▸ PROMPT: Wherever the listing holds a picture, leave it out, and copy the remainder exactly.

▸ DATA EXTRACT:

..............................

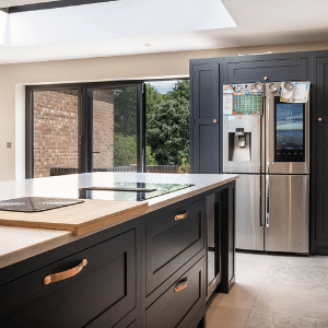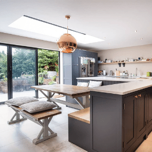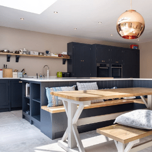Bespoke joinery and painted timber panelling around the island add tactile quality and architectural interest, demonstrating the project’s emphasis on high-quality materiality. A statement copper pendant light above the dining area introduces a sculptural focal point. Combined with discreet recessed ceiling lights, the layered lighting scheme balances ambience with practical illumination.
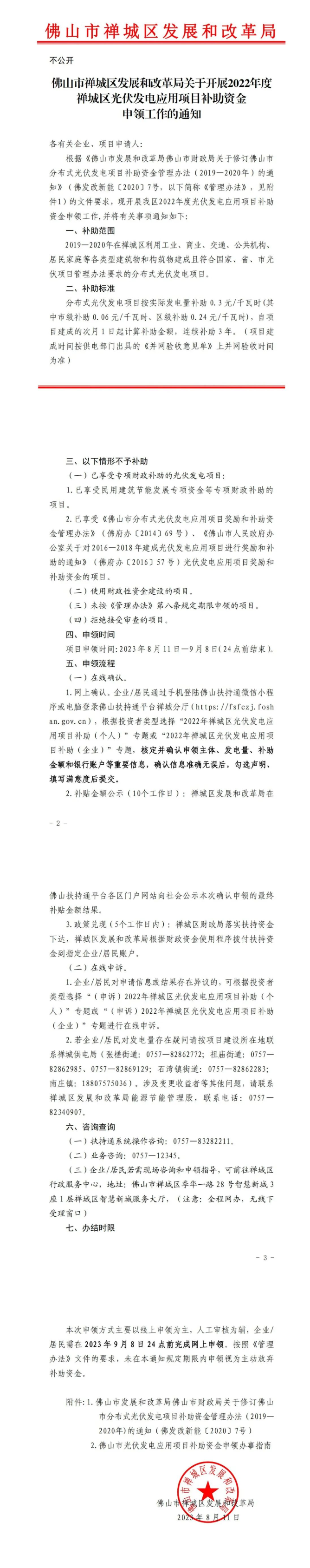 8月11日,廣東省佛山市禪城區(qū)發(fā)展和改革局關(guān)于開展2022年度禪城區(qū)光伏發(fā)電應(yīng)用項(xiàng)目補(bǔ)助資金申領(lǐng)工作的通知。
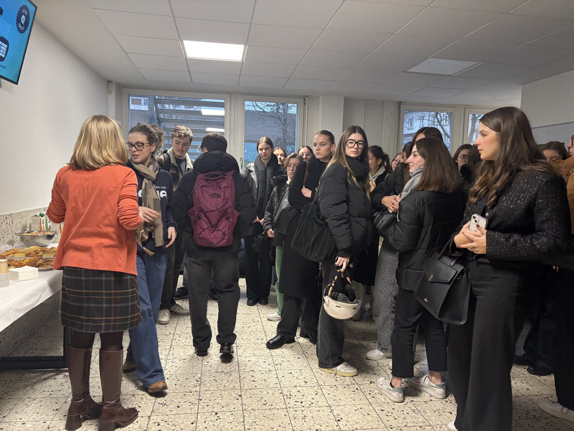Laurence Corroy, professeure encadrante de l’exposition était également présente, accompagnée de l’ensemble des enseignant·es en information-communication et de l’équipe de direction.

..............................

▸ YOUR RESPONSE:
Bespoke joinery and painted timber panelling around the island add tactile quality and architectural interest, demonstrating the project’s emphasis on high-quality materiality. A statement copper pendant light above the dining area introduces a sculptural focal point. Combined with discreet recessed ceiling lights, the layered lighting scheme balances ambience with practical illumination.
 8月11日,廣東省佛山市禪城區(qū)發(fā)展和改革局關(guān)于開展2022年度禪城區(qū)光伏發(fā)電應(yīng)用項(xiàng)目補(bǔ)助資金申領(lǐng)工作的通知。
Laurence Corroy, professeure encadrante de l’exposition était également présente, accompagnée de l’ensemble des enseignant·es en information-communication et de l’équipe de direction.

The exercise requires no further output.